---------- Data to examine

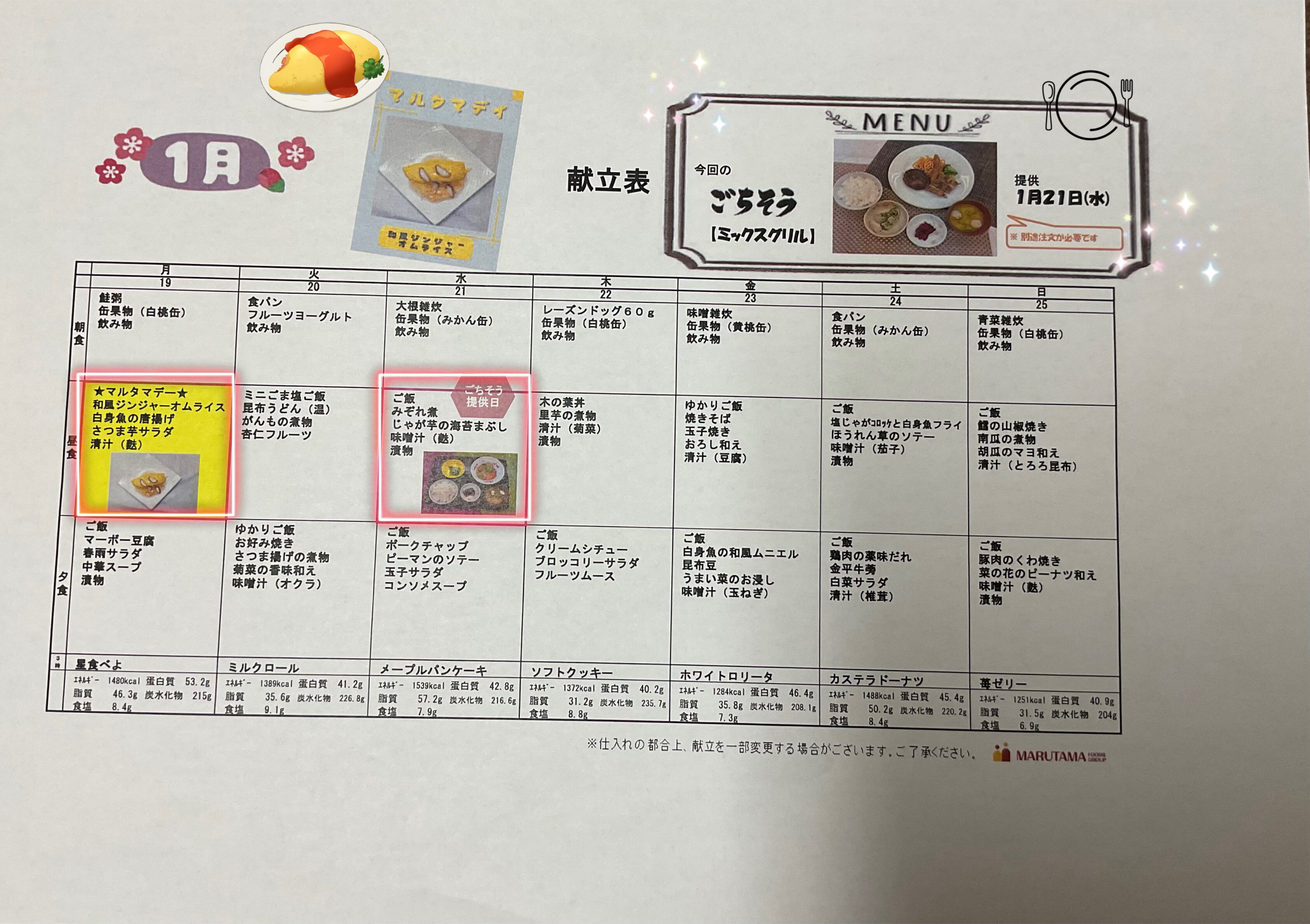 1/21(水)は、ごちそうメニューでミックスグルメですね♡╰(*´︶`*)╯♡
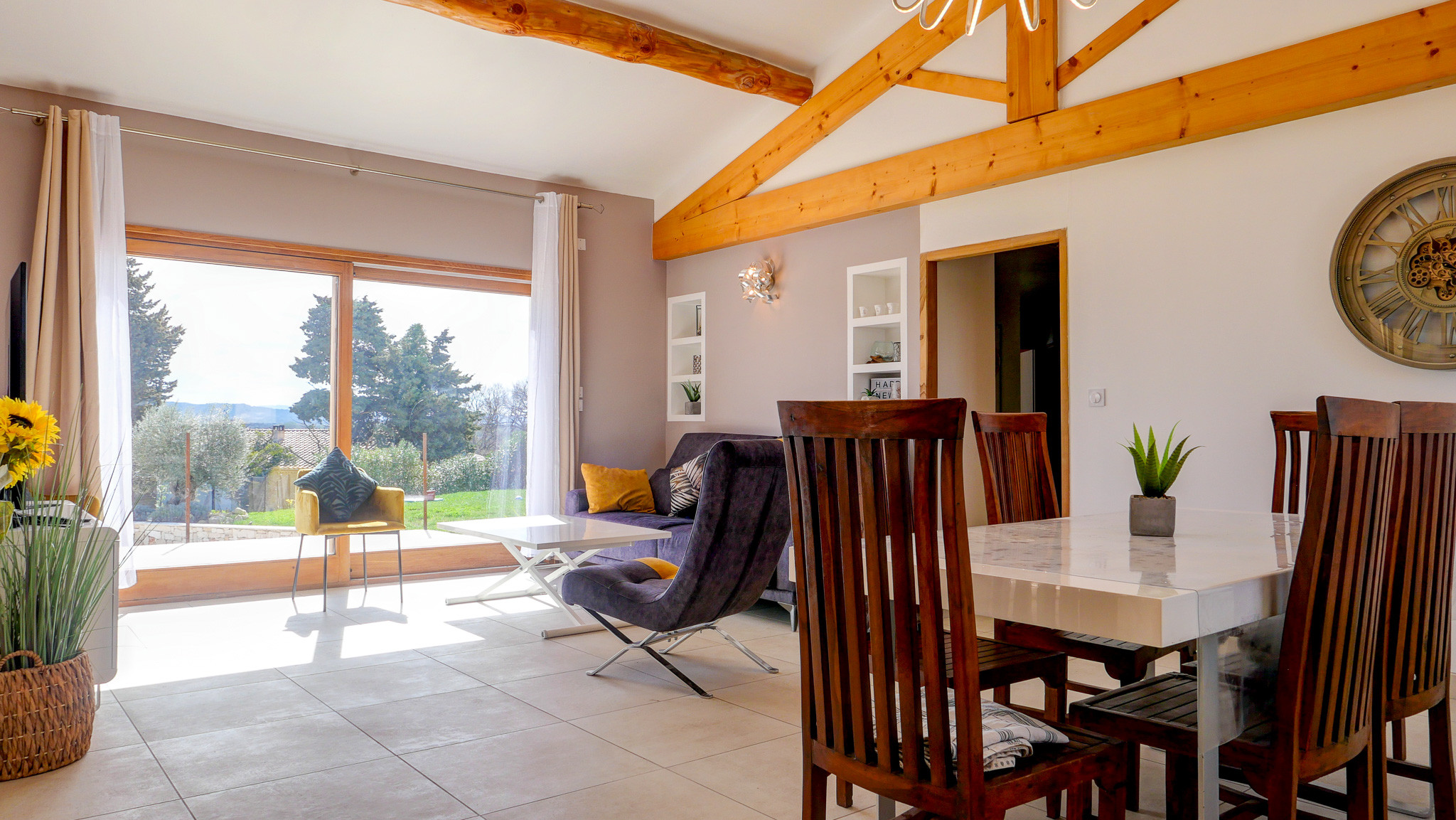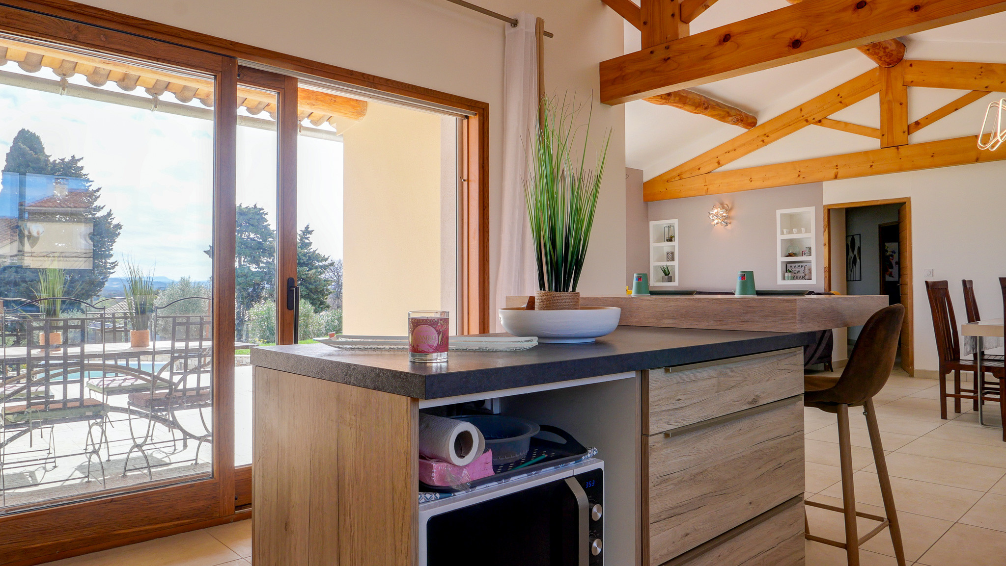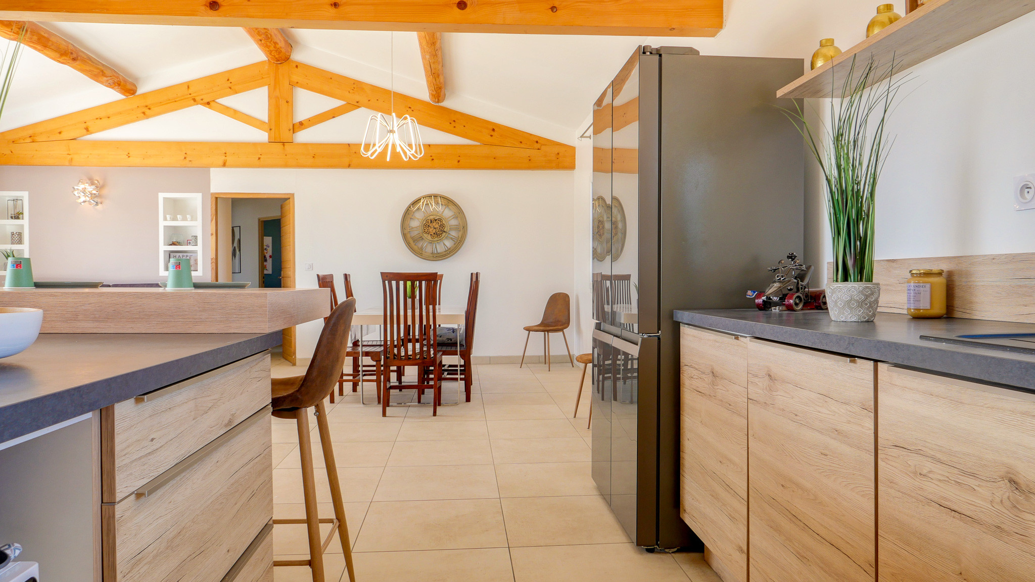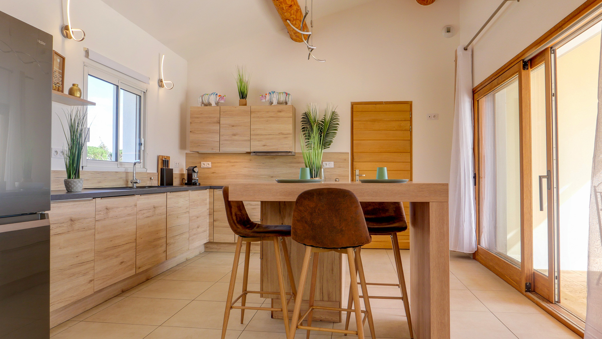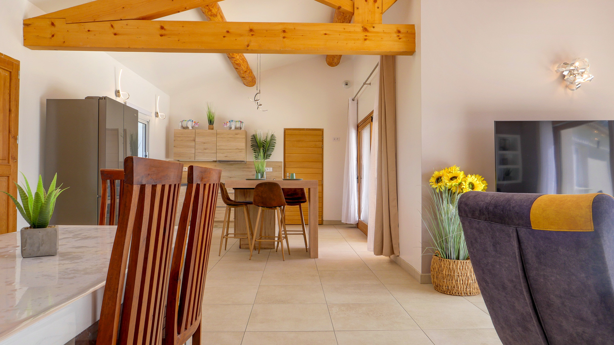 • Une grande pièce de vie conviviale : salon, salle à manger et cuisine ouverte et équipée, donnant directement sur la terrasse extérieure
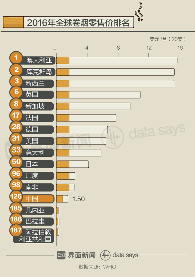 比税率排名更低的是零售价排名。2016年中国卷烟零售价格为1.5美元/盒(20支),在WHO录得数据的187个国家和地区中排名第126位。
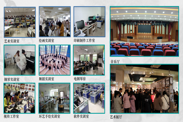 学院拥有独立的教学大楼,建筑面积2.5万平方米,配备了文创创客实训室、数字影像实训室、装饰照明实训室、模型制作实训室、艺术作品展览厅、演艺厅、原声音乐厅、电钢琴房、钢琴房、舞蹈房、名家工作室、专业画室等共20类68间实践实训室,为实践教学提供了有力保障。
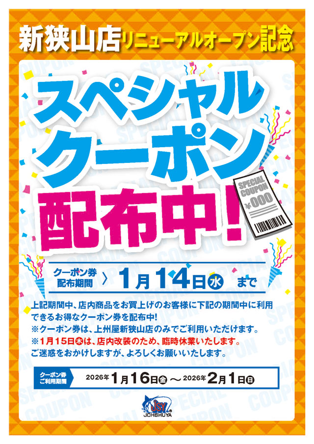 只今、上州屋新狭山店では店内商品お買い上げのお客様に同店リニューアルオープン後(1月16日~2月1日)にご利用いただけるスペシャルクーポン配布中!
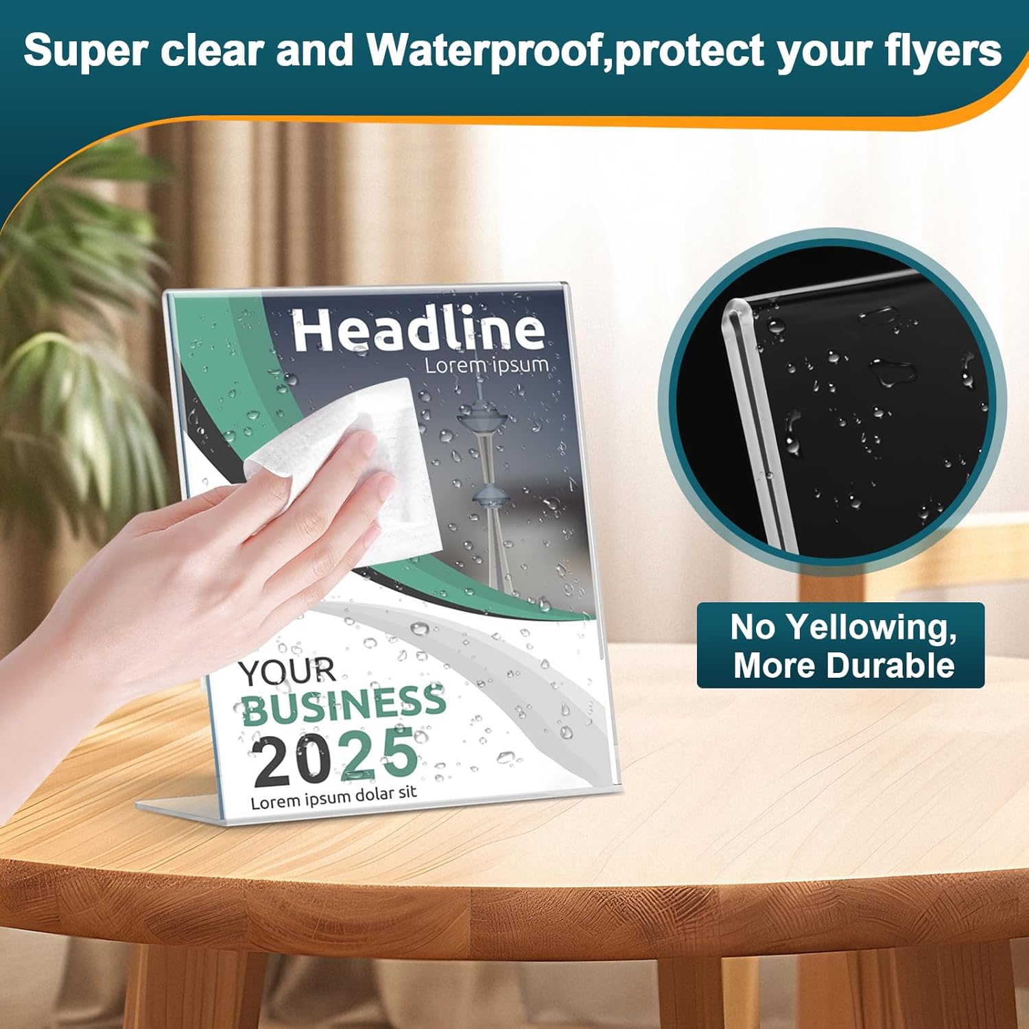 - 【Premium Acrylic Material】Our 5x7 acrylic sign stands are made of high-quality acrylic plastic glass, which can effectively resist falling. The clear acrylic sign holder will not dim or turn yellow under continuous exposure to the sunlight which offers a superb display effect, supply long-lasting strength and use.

--------------------

• [What to do] All lines above starting at the one with "学院拥有独立的教学大楼,建筑" and ending at the one with "只今、上州屋新狭山店では店内", inclusive, are to be printed again exactly, with the pictures left out.

• [Response for this exercise]
 学院拥有独立的教学大楼,建筑面积2.5万平方米,配备了文创创客实训室、数字影像实训室、装饰照明实训室、模型制作实训室、艺术作品展览厅、演艺厅、原声音乐厅、电钢琴房、钢琴房、舞蹈房、名家工作室、专业画室等共20类68间实践实训室,为实践教学提供了有力保障。
 只今、上州屋新狭山店では店内商品お買い上げのお客様に同店リニューアルオープン後(1月16日~2月1日)にご利用いただけるスペシャルクーポン配布中!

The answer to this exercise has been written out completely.